# Woven shawl



## ilmacheryl (Feb 3, 2013)

I just took this off of my loom! It has been washed. It was woven with Araucania Lontue which is a 50% linen & 50% cotton blend. It is slightly thick & thin. It is about 5 feet long without the fringe & 18 inches wide. I wish it was longer, but I wouldn't have had enough yarn for more than another two or three inches. I used my 12 dent heddle, threading every other slot because I wanted an open weave. Because of the thick portions of the yarn, I should have used the 8 dent heddle because of the size of the holes. It fit through the holes fine, but the constant rubbing caused the thick portions of the yarn to shred. I broke the left edge yarn twice & tied more yarn in. I never had great tension on that edge after that, but I was able to continue. I wove the ends in as I went. Other than that, my edges are the best I have ever done. If you take the edge warp thread and pull it out just a little before beating down the weft, it helps to keep a nice even edge. On this shawl, I was careful to beat very gently, partly because I wanted a loose, open weave fabric & partly because it was easier on the yarn. Once I started being more careful & moving the heddle more slowly, I was able to keep from breaking any more warp threads.


----------



## Fluteplayer7 (Jul 29, 2011)

Beautiful work!


----------



## deenashoemaker (Nov 9, 2014)

Absolutely gorgeous! Tell us about the yarn.


----------



## ilmacheryl (Feb 3, 2013)

deenashoemaker said:


> Absolutely gorgeous! Tell us about the yarn.


I thought I already did..... What else do you want to know about it?


----------



## LindaH (Feb 1, 2011)

That is beautiful!!


----------



## deenashoemaker (Nov 9, 2014)

I'm sorry, it was the first sentence.


----------



## mama879 (Jan 27, 2011)

Very pretty. I like the colors. I also like the open weave. I did not know you can use every other spot on the dents. Boy do I have a lot to learn. The shawl I'm doing now I'm not putting the fringe on. I have broken much on my warp yup tension is not so good there either. Plus when I put it back in the whole I messed it up. I read that I can fix it later on so I will. So far I still love my loom even though it is taking me so long to learn it.


----------



## ilmacheryl (Feb 3, 2013)

mama879 said:


> Very pretty. I like the colors. I also like the open weave. I did not know you can use every other spot on the dents. Boy do I have a lot to learn. The shawl I'm doing now I'm not putting the fringe on. I have broken much on my warp yup tension is not so good there either. Plus when I put it back in the whole I messed it up. I read that I can fix it later on so I will.
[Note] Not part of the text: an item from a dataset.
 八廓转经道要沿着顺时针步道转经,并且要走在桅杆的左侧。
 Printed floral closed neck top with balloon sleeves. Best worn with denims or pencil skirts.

So far I still love my loom even though it is taking me so long to learn it.


The best purchase I ever made made for weaving was Angela Tong's Craftsy class.


----------



## mama879 (Jan 27, 2011)

ilmacheryl said:


> The best purchase I ever made made for weaving was Angela Tong's Craftsy class.


I will look at craftsy they should have a special again soon. Thanks.


----------



## Spooly (Oct 22, 2011)

The shawl is beautiful.


----------



## Cdambro (Dec 30, 2013)

Your shawl is just so pretty. The thick and thin gives it such a pretty texture.


----------



## Reba1 (Feb 5, 2012)

Oh, very pretty!


----------



## nellig (May 10, 2016)

It is beautiful.


----------



## crafterwantabe (Feb 26, 2013)

Beautiful!


----------



## lovey (Nov 11, 2011)

:sm24:


----------



## JeanneW (Feb 9, 2013)

Lovely shawl!


----------



## Ettenna (May 3, 2013)

love this yarn. Beautiful color and texture.


----------



## DanielS (Mar 2, 2016)

I'm jealous. Darn, I have just committed another deadly sin. :sm16: 
Beautiful! :sm24:


----------



## WVfarmgirl (Jan 27, 2013)

Gorgeous!


----------